**AVAILABLE DATA:**
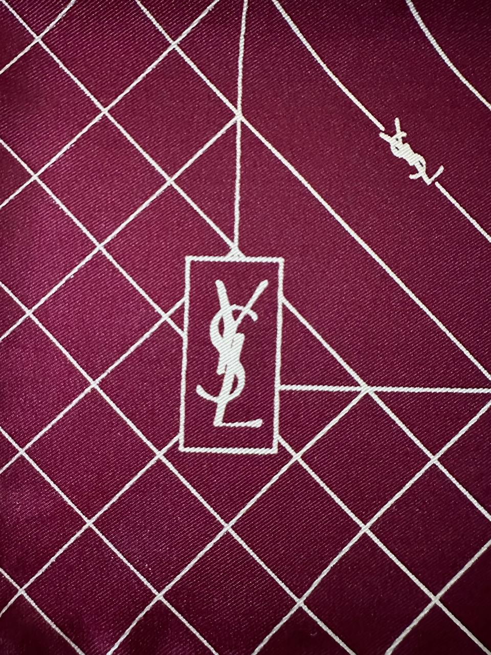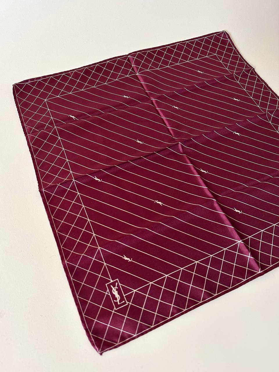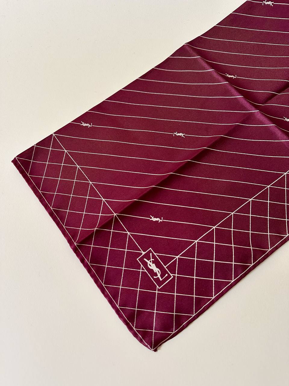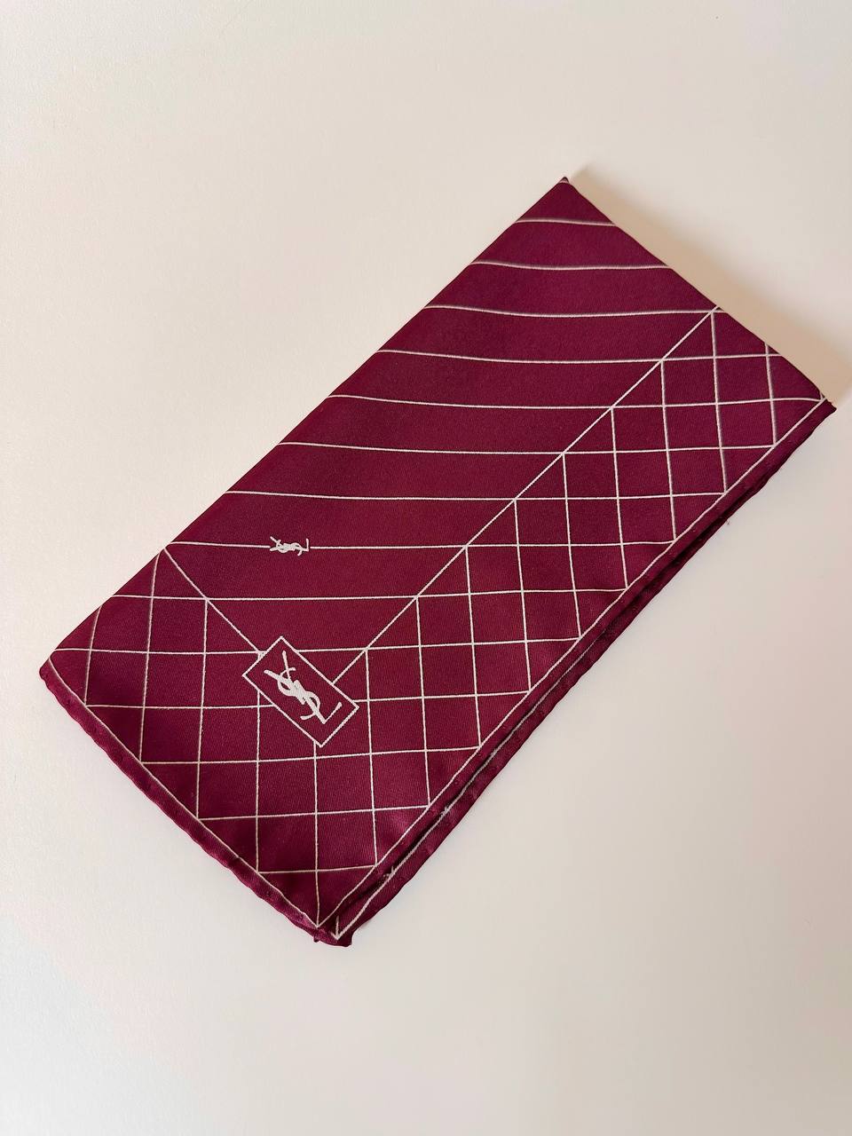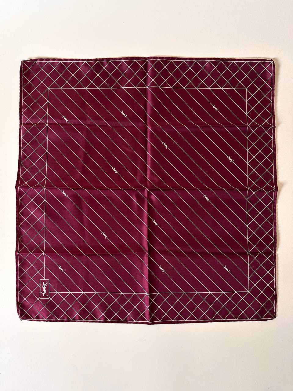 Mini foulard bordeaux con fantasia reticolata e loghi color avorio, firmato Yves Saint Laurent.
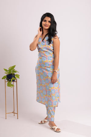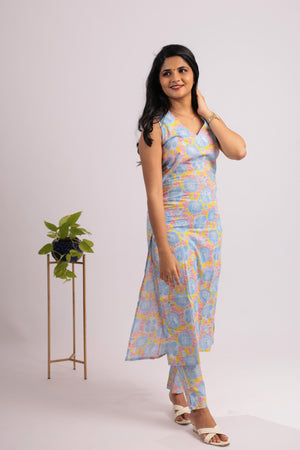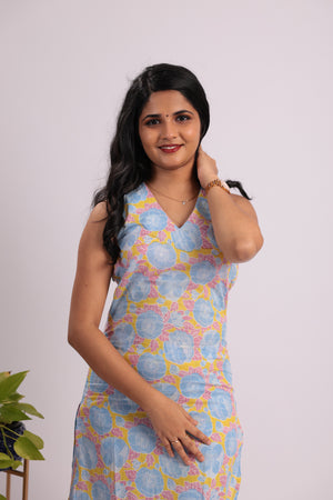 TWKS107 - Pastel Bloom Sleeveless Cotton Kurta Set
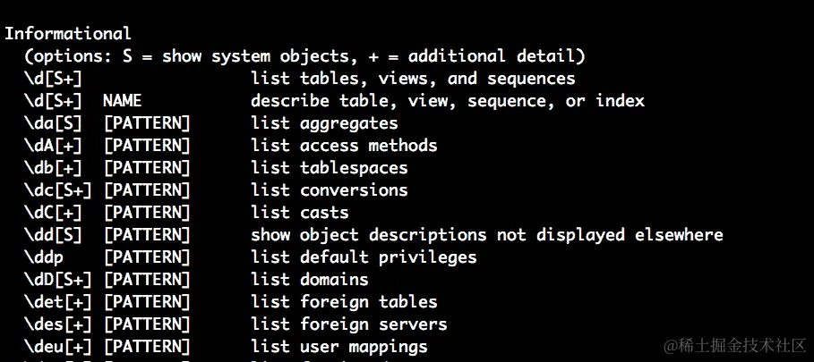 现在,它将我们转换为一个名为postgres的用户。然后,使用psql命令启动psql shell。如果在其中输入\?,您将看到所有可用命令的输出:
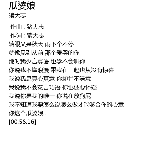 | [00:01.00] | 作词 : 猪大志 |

**YOUR ASSIGNMENT:** Hand back exactly the lines from the one with "现在,它将我们转换为一个名为" through the last line of the data above, both ends included, with every picture left out.

**SOLUTION TO THIS EXERCISE:**
 现在,它将我们转换为一个名为postgres的用户。然后,使用psql命令启动psql shell。如果在其中输入\?,您将看到所有可用命令的输出:
 | [00:01.00] | 作词 : 猪大志 |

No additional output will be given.